Sorting fact from fiction in Georgia voting law debate

Ballots by Phil Roeder is licensed under CC BY 2.0

A voting reform bill in Georgia has sparked lawsuits, boycotts, and mass outrage among Democrats, who describe the law as a revival of Jim Crow-era racism. But much of the heated rhetoric surrounding the bill, which Republican Gov. Brian Kemp signed into law on Thursday, misrepresents what the reforms will accomplish.

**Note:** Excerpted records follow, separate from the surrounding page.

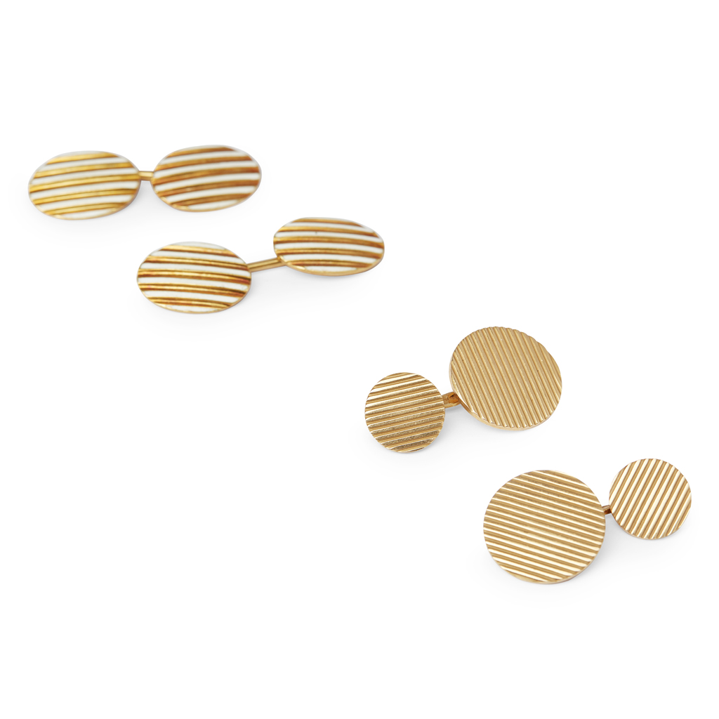 to include a pair with white striped enamel detail to oval terminals, unmarked; a pair with ribbed detail to circular terminals, stamped 750 (2)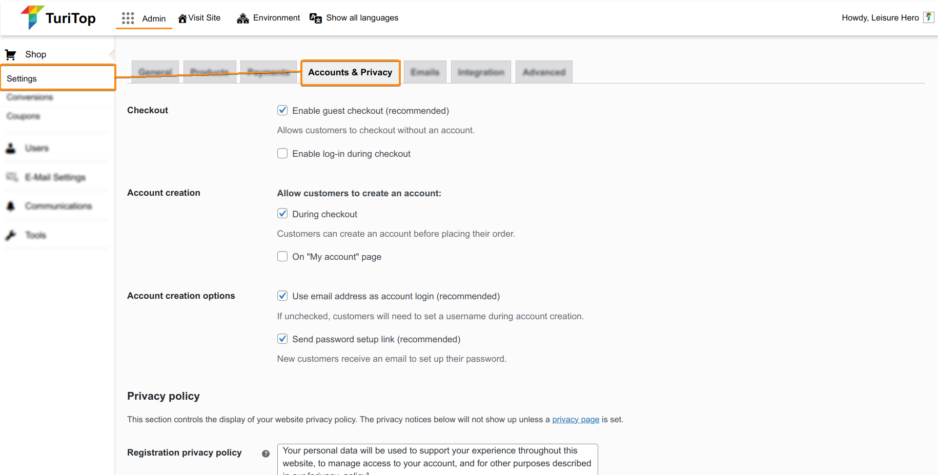 Admin  >>> Shop >>> Settings >>> Accounts & Privacy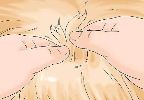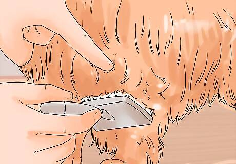 Untangle any knots and mats. Your dog may or may not have any knots or tangles in its fur. Dogs with longer hair are more likely to have mats or knots than shorthaired dogs. When you encounter a tangle, use the soft slicker brush to try to work the knot out. You can use your fingers to untangle knots as well. Mats happen when tangles become knotted together. You can use the soft slicker brush to untangle the mats. You may have to use clippers to cut out mats if you aren’t able to untangle them. Clippers are recommended over scissors – be very careful if you must use scissors, or you may cut the dog. Clip the mat out near the root. If the mat is very large, you may need to take your dog to the veterinarian or to a professional groomer to have it removed.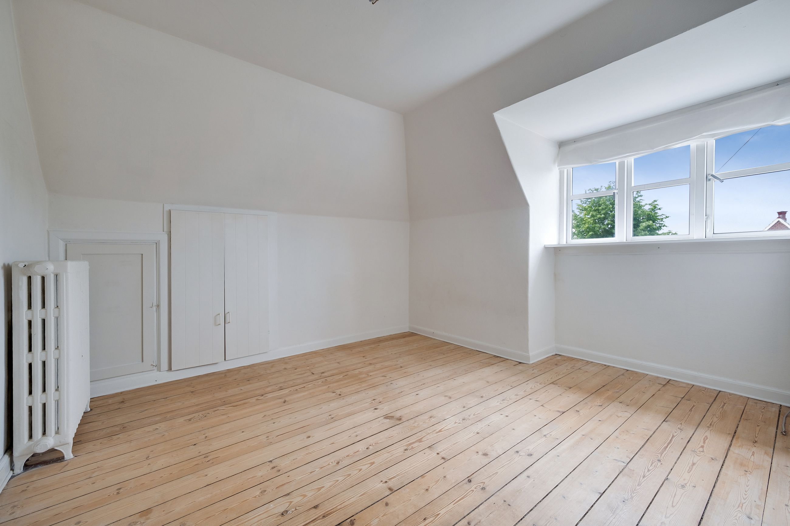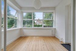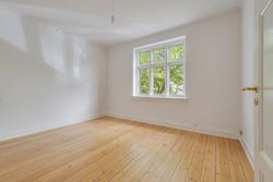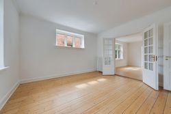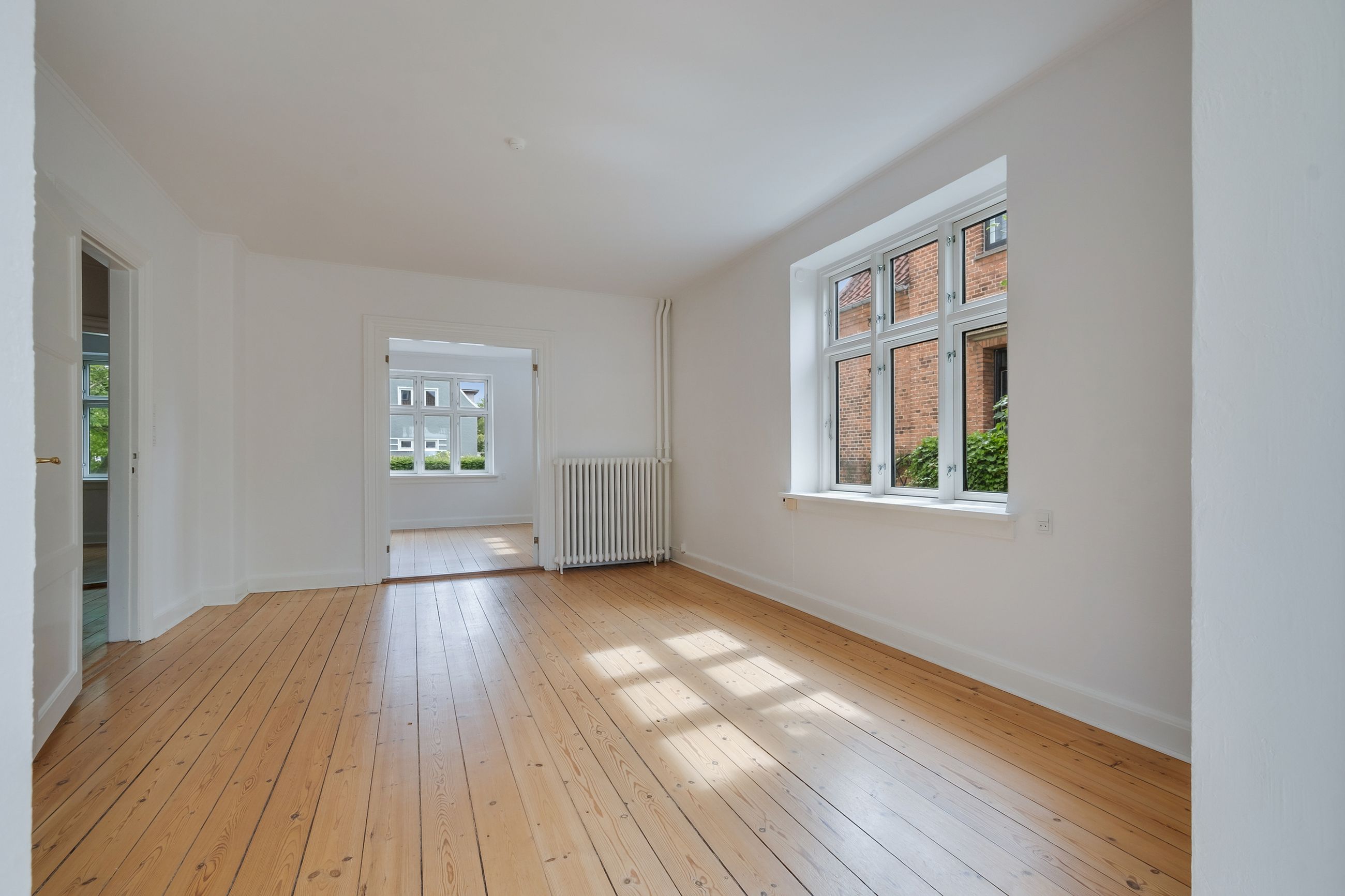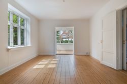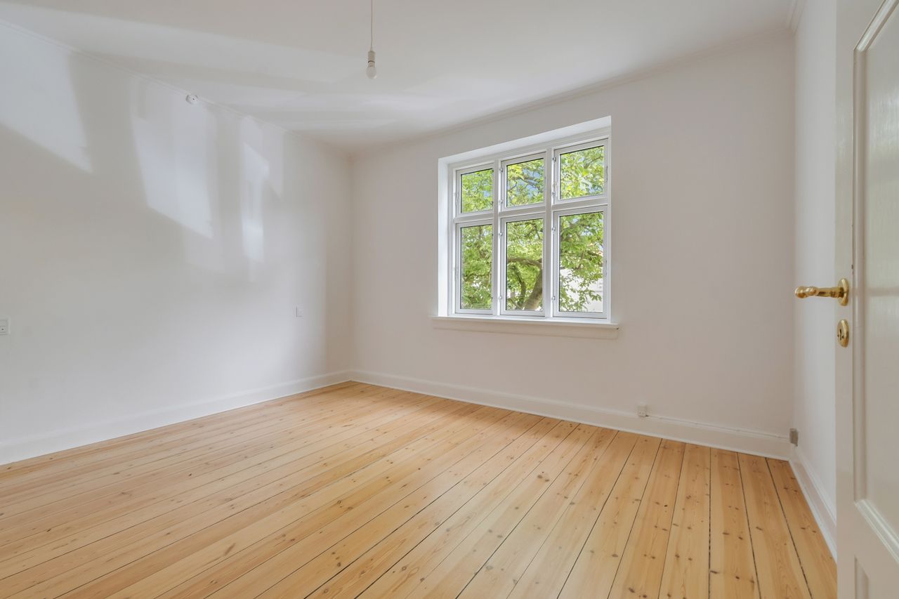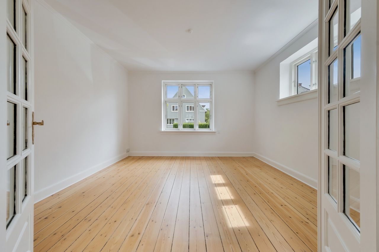 Går du til venstre i fordelingsgangen, finder du et rummeligt soveværelse. Stuerne en suite er delt op af en fransk dobbeltdør, og de store vinduer i stuerne giver et dejligt lysindfald, som skaber en indbydende, hjemlig atmosfære.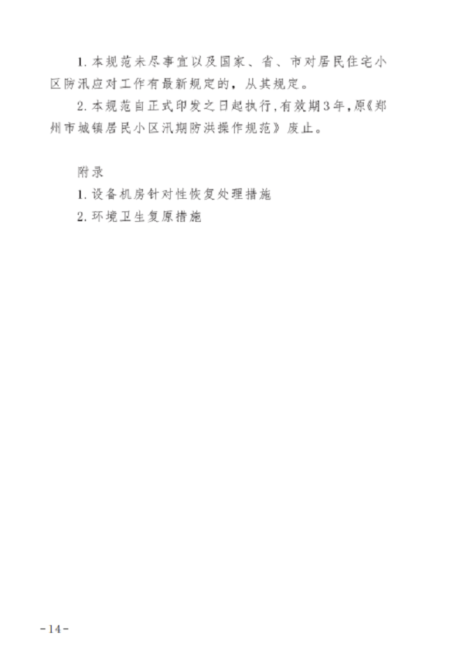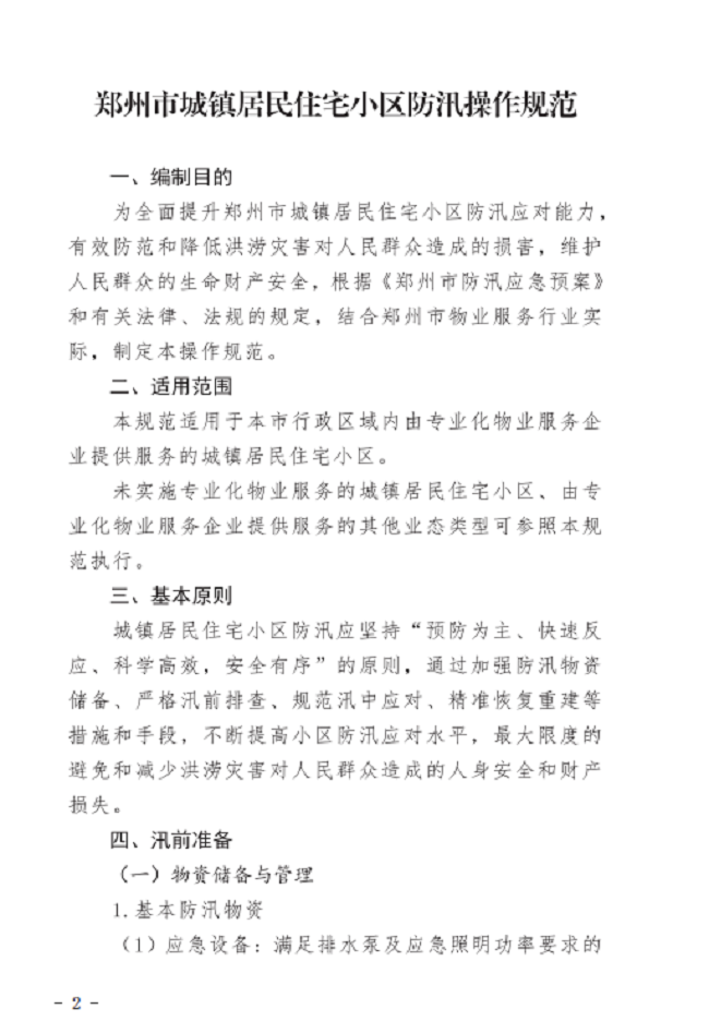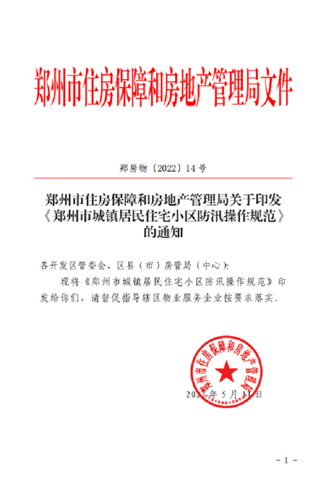 为全面提升郑州市城镇居民住宅小区防汛应对能力,有效防范和降低洪涝灾害对人民群众造成的损害,维护人民群众的生命财产安全,根据《郑州市防汛应急预案》和有关法律、法规的规定,结合郑州市物业服务行业实际,2022年5月11日,郑州市住房保障和房地产管理局印发《郑州市城镇居民住宅小区防汛操作规范》。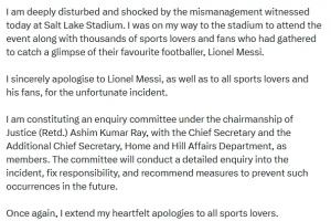 对于此事件,西孟加拉邦首席部长玛玛塔·班纳吉发文致歉: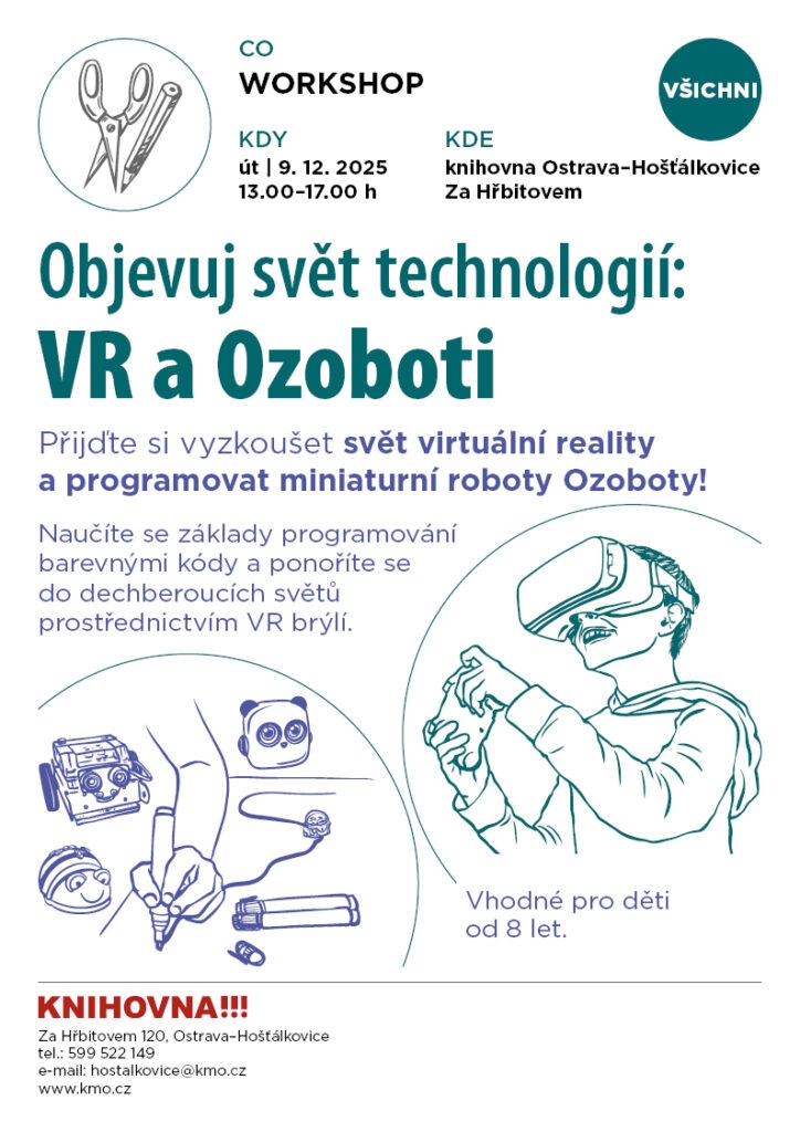 Milé děti, milí rodiče, prarodiče, přijďte si vyzkoušet svět virtuální reality a programovat miniaturní roboty Ozoboty! Naučíte se základy programování barevnými kódy a ponoříte se do dechberoucích světů prostřednictvím VR brýlí. Srdečně zveme všechny zájemce od 8 let. Těšíme se na vás.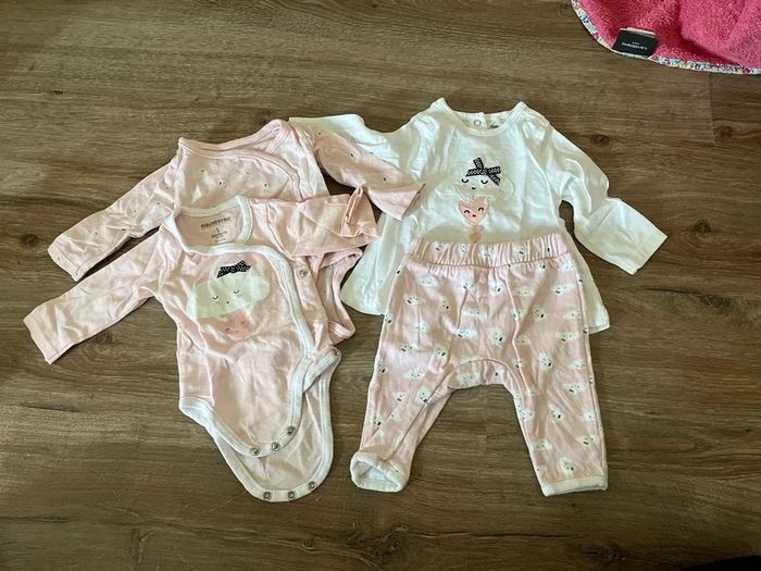 2 bodys manche longue + 1 t-shirt manche longue + un pantalon

The debate over whether Georgia’s law constitutes “despicable voter suppression,” as Sen. Elizabeth Warren, a Massachusetts Democrat, has claimed, or necessary updates to the state code is significant. Democrats in Washington have used the specter of the law to push a sweeping federal bill aimed at overhauling all elections. They have even threatened to weaken or end the filibuster in order to pass the bill, known as H.R. 1, to fight what they have characterized as racism in the way states like Georgia want to conduct their elections.

Here are some of the most controversial claims about the law — and what issues state Republicans were aiming to address.

LIMITATIONS ON VOTING HOURS

President Joe Biden claimed during his first press conference last week, and again in a statement the following day, that the law would force polling locations to close at 5 p.m. “so working people can’t cast their vote after their shift is over.”